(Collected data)
+++++
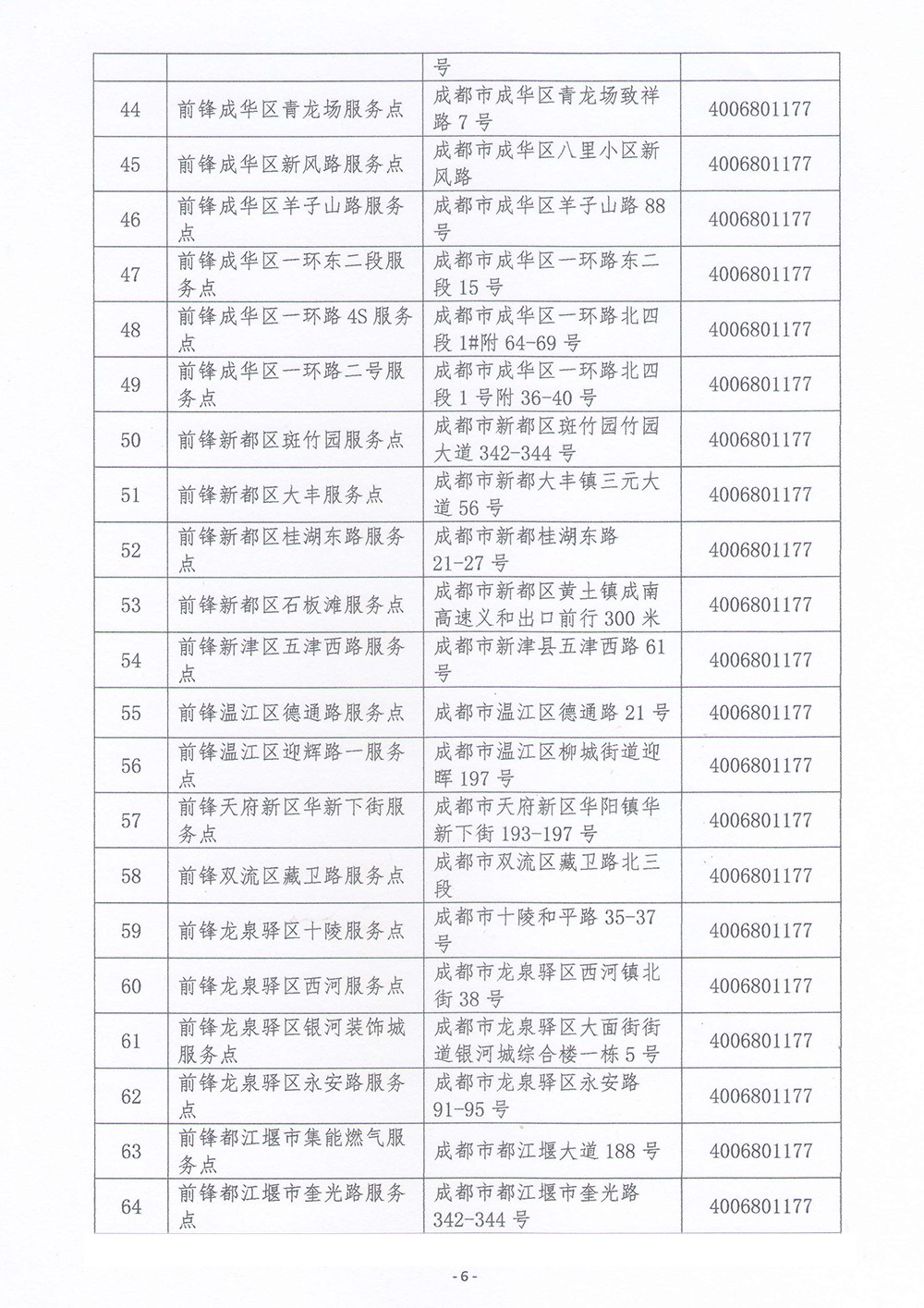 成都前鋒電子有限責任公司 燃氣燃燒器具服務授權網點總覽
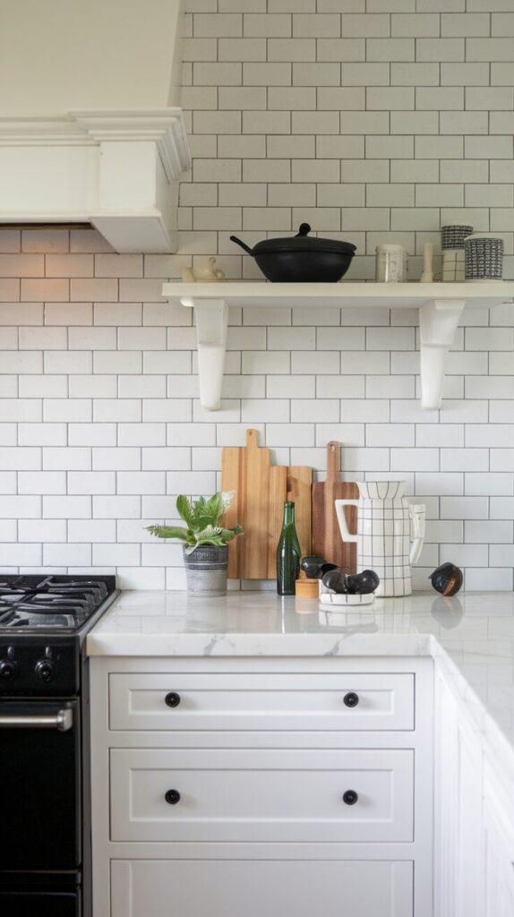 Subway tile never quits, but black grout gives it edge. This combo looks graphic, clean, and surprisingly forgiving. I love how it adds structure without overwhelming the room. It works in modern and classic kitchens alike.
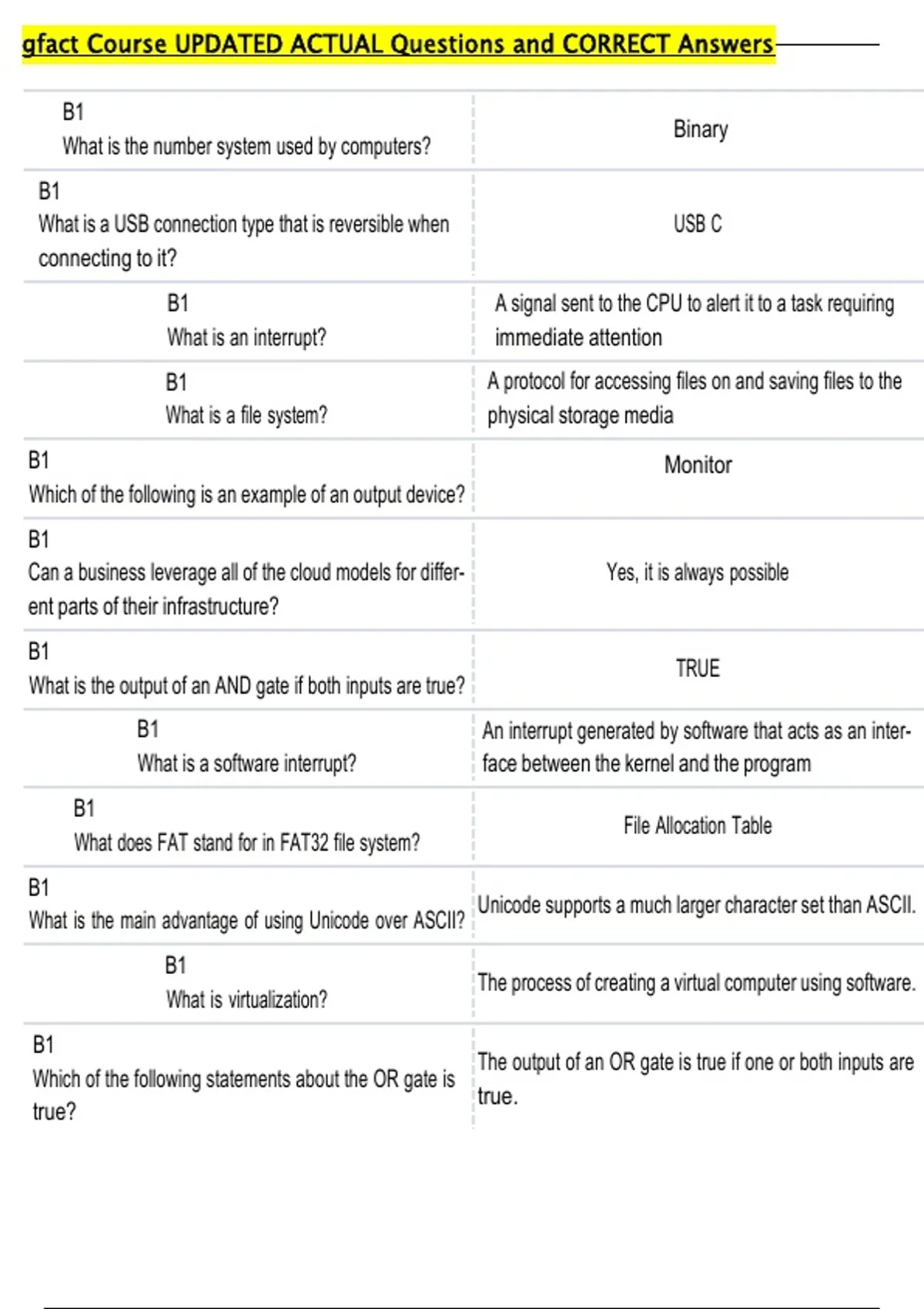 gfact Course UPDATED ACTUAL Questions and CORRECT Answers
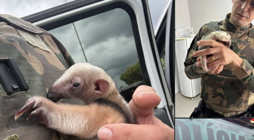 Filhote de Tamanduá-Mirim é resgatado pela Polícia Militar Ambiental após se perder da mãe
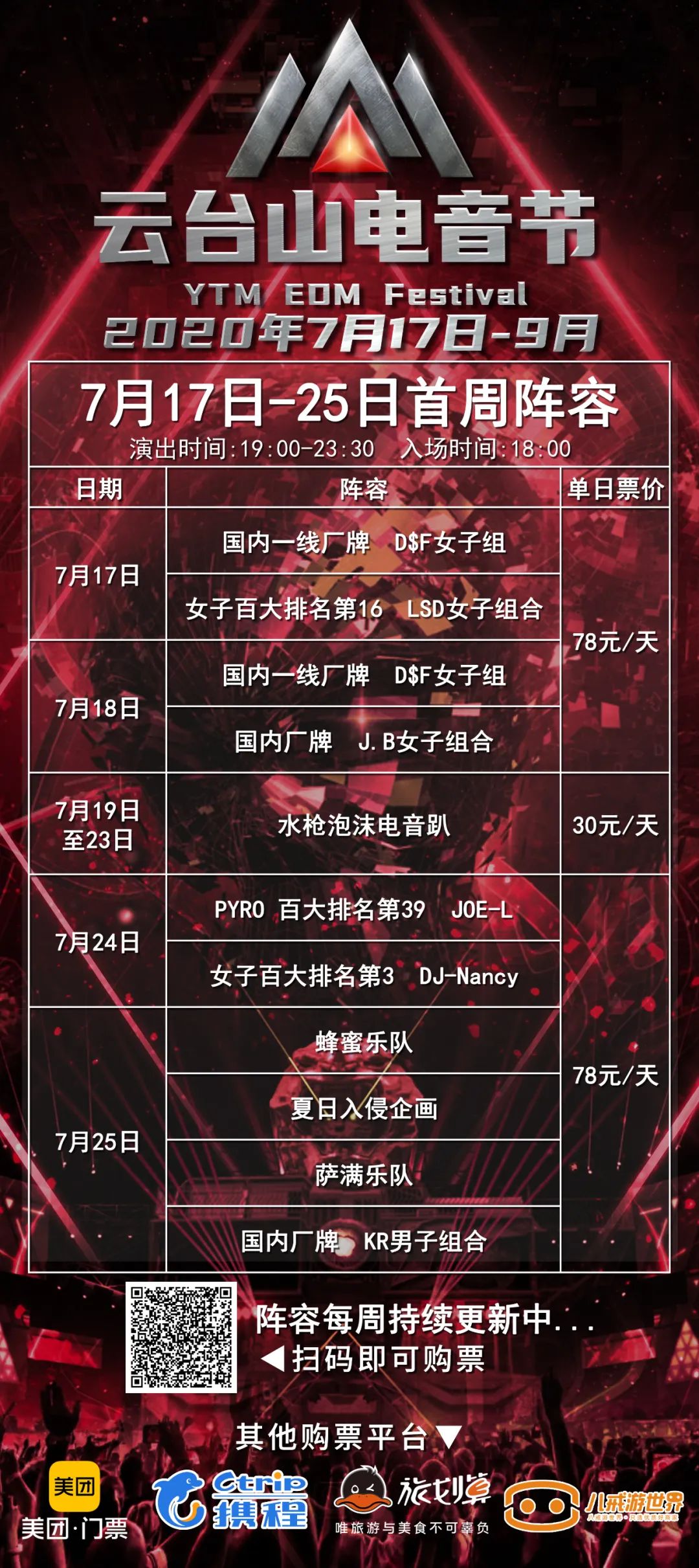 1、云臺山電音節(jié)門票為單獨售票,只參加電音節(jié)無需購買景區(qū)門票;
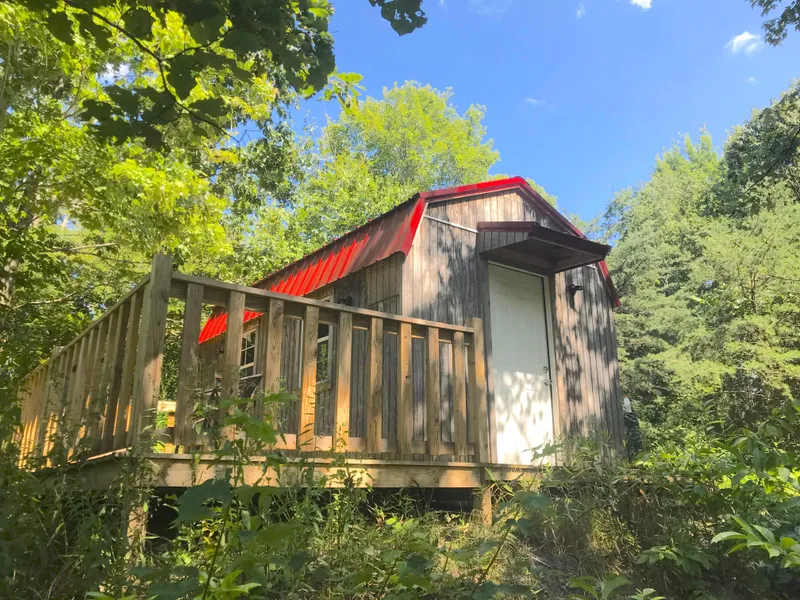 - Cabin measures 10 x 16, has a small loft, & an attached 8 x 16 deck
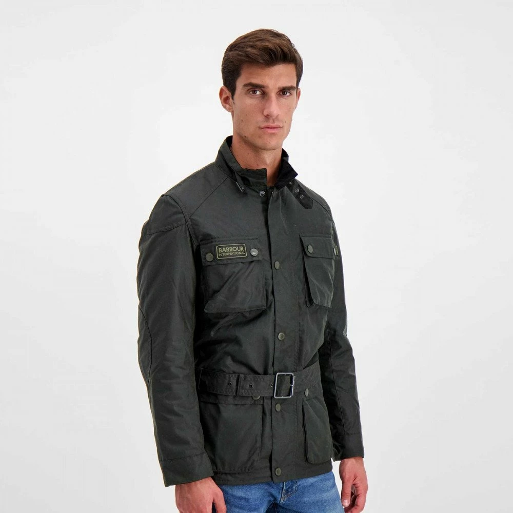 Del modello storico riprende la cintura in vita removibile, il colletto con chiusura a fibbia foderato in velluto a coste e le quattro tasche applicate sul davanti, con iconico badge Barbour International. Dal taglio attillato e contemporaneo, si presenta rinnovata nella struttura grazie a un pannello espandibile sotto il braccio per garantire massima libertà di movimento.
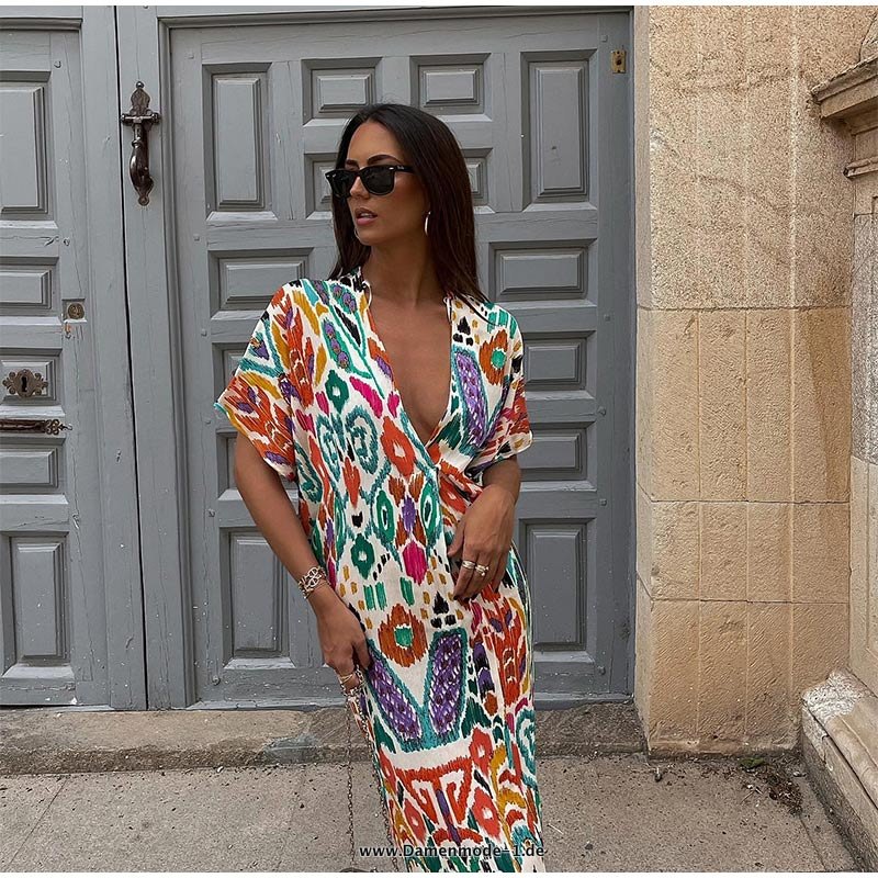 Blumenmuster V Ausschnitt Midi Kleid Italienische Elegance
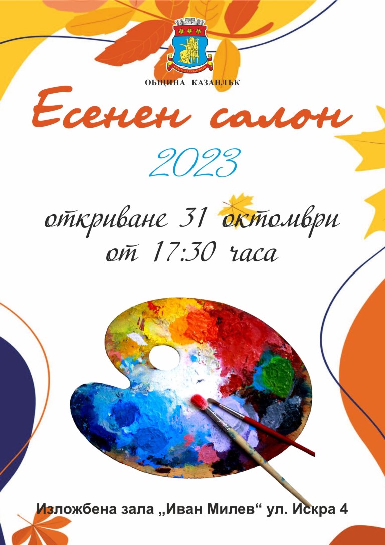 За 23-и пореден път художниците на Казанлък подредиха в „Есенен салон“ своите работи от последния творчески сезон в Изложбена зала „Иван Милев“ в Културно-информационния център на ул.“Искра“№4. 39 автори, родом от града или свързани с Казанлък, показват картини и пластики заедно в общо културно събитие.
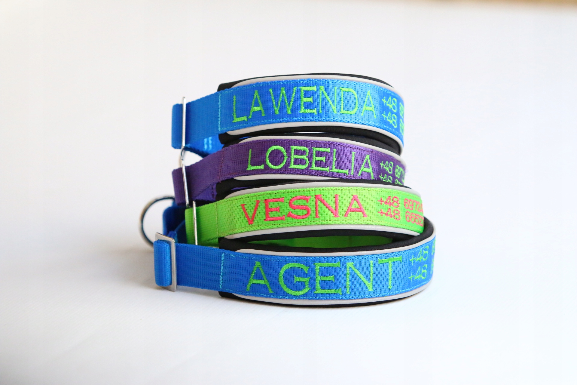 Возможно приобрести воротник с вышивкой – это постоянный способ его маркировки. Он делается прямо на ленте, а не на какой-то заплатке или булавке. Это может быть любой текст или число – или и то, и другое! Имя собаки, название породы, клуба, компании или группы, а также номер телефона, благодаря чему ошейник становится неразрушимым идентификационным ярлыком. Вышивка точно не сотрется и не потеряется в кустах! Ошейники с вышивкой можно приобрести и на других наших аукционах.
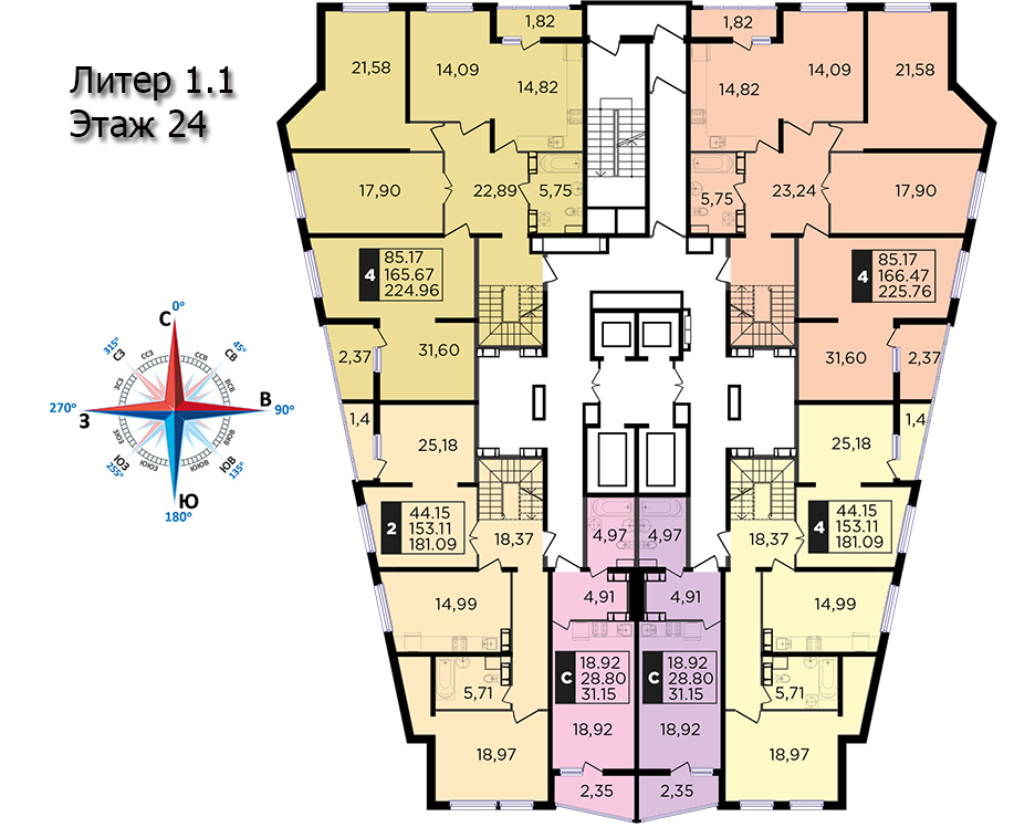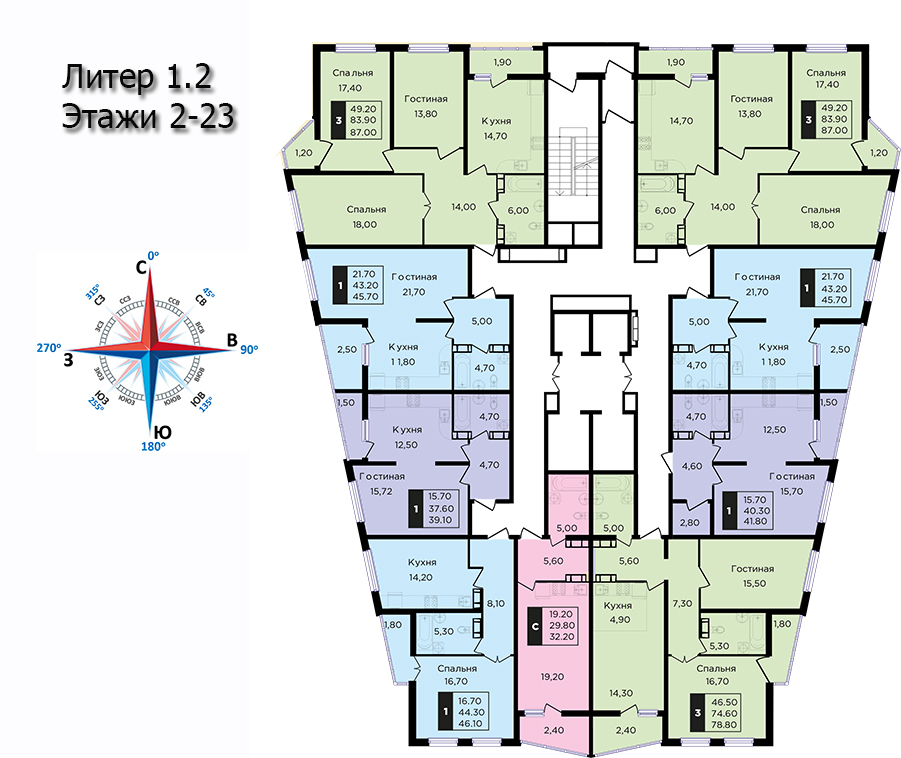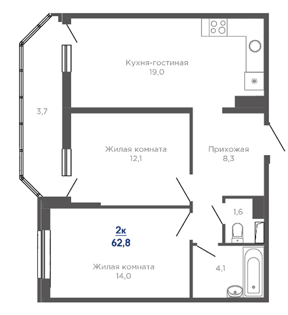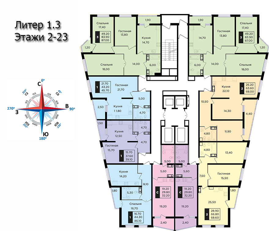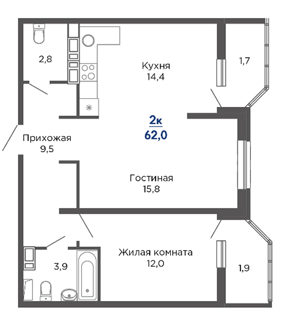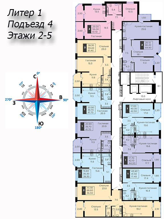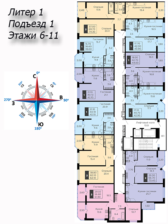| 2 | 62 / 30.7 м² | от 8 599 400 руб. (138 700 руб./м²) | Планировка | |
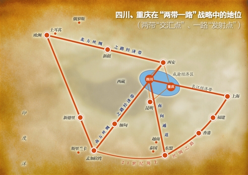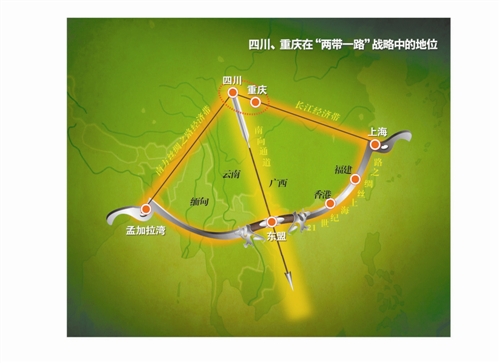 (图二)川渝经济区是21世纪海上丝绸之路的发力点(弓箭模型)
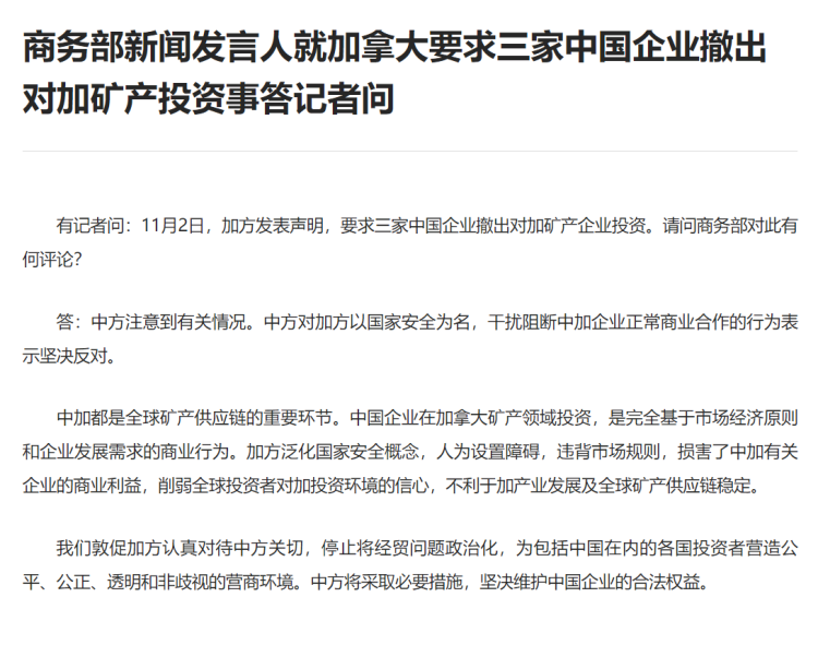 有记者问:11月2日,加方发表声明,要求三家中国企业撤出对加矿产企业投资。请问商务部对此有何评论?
+++++
Work to be completed: Retype the records exactly. Any image in them should not appear in what you write.

Solution:
 成都前鋒電子有限責任公司 燃氣燃燒器具服務授權網點總覽
 Subway tile never quits, but black grout gives it edge. This combo looks graphic, clean, and surprisingly forgiving. I love how it adds structure without overwhelming the room. It works in modern and classic kitchens alike.
 gfact Course UPDATED ACTUAL Questions and CORRECT Answers
 Filhote de Tamanduá-Mirim é resgatado pela Polícia Militar Ambiental após se perder da mãe
 1、云臺山電音節(jié)門票為單獨售票,只參加電音節(jié)無需購買景區(qū)門票;
 - Cabin measures 10 x 16, has a small loft, & an attached 8 x 16 deck
 Del modello storico riprende la cintura in vita removibile, il colletto con chiusura a fibbia foderato in velluto a coste e le quattro tasche applicate sul davanti, con iconico badge Barbour International. Dal taglio attillato e contemporaneo, si presenta rinnovata nella struttura grazie a un pannello espandibile sotto il braccio per garantire massima libertà di movimento.
 Blumenmuster V Ausschnitt Midi Kleid Italienische Elegance
 За 23-и пореден път художниците на Казанлък подредиха в „Есенен салон“ своите работи от последния творчески сезон в Изложбена зала „Иван Милев“ в Културно-информационния център на ул.“Искра“№4. 39 автори, родом от града или свързани с Казанлък, показват картини и пластики заедно в общо културно събитие.
 Возможно приобрести воротник с вышивкой – это постоянный способ его маркировки. Он делается прямо на ленте, а не на какой-то заплатке или булавке. Это может быть любой текст или число – или и то, и другое! Имя собаки, название породы, клуба, компании или группы, а также номер телефона, благодаря чему ошейник становится неразрушимым идентификационным ярлыком. Вышивка точно не сотрется и не потеряется в кустах! Ошейники с вышивкой можно приобрести и на других наших аукционах.
| 2 | 62 / 30.7 м² | от 8 599 400 руб. (138 700 руб./м²) | Планировка | |
 (图二)川渝经济区是21世纪海上丝绸之路的发力点(弓箭模型)
 有记者问:11月2日,加方发表声明,要求三家中国企业撤出对加矿产企业投资。请问商务部对此有何评论?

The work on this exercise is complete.